9. What role do mentorship and networks like LEAD Network play in advancing women’s careers?

Mentorship and professional networks give women what is often missing: visibility, confidence, sponsorship, and community. Networks like LEAD create safe spaces for women to grow, access role models, and unlock opportunities. My involvement helped me support women across Europe, Turkey, and Africa, and reminded me how powerful it is when women lift each other up.

10. What skills should young women focus on if they want to build global careers?

Three things matter the most:

  • Influence without Authority: Global roles require aligning diverse stakeholders and leading with clarity.       
  • Cultural Agility: The ability to adapt, listen, and understand context.
  • Courage: To take risks, relocate, change roles, and stretch beyond comfort zones.

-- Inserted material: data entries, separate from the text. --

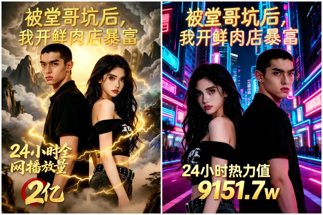 重磅捷报!浙江铭兴文化传媒有限公司(铭兴映画)旗下自制短剧、独家宣发《被堂哥坑后,我开鲜肉店暴富》,上线仅 24 小时,全网累计播放量强势突破 2 亿,热力值持续稳定在 9151.7 w,登顶抖音真人 AI 榜前列,成为短剧赛道又一现象级标杆作品!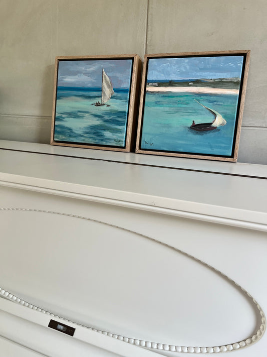 My palette is guided by the world around me: warm sand tones, faded coral, quiet greens, and gentle tropical light. I paint with interiors in mind — art made to complement natural textures, layered spaces, and calm, design-led homes.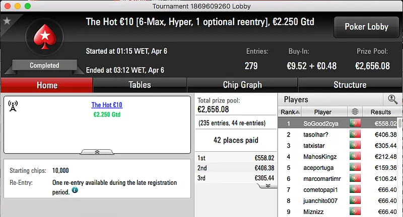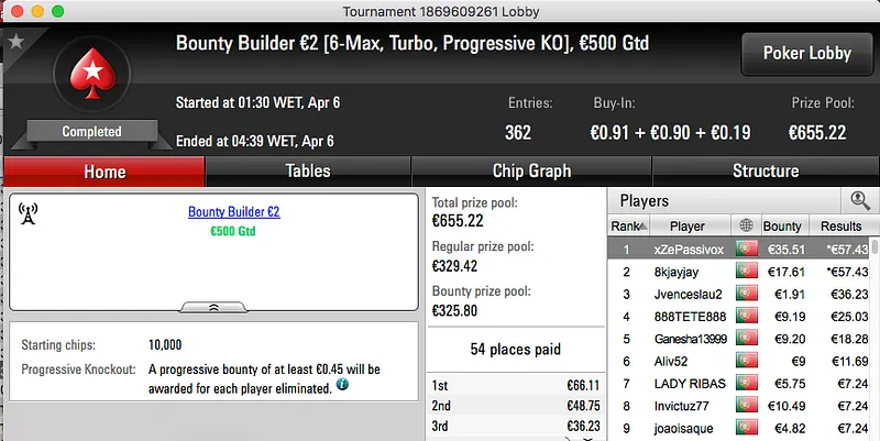 A prata da sessão foi para Viseu, 123bombaaaaa venceu o Bounty Builder €30 e somou mais €1,104.

Curiosity, humility, and continuous learning are also essential. My own global career was built on saying “yes” to the unfamiliar and trusting that I would grow into the challenge.

11. How do you stay motivated and resilient in a demanding leadership role?

I stay motivated by focusing on impact: building high‑performing teams, unlocking business growth, and achieving meaningful milestones. Seeing my teams win motivates me more than anything. Resilience comes from purpose and perspective. I also actively seek feedback, embrace challenges as opportunities, and stay anchored in the belief that possibilities grow when we remain open, humble, and curious.

12. What advice would you give women who aspire to leadership positions in global companies?

Be bold. Don’t wait to feel ready. Trust your instincts and step into opportunities even when they scare you. Speak up in the rooms where decisions are made. Lead with authenticity, not imitation. Build networks that empower you and empower others in return. And above all, lift other women as you rise. Leadership is not just about reaching the top; it’s about widening the path for those who follow.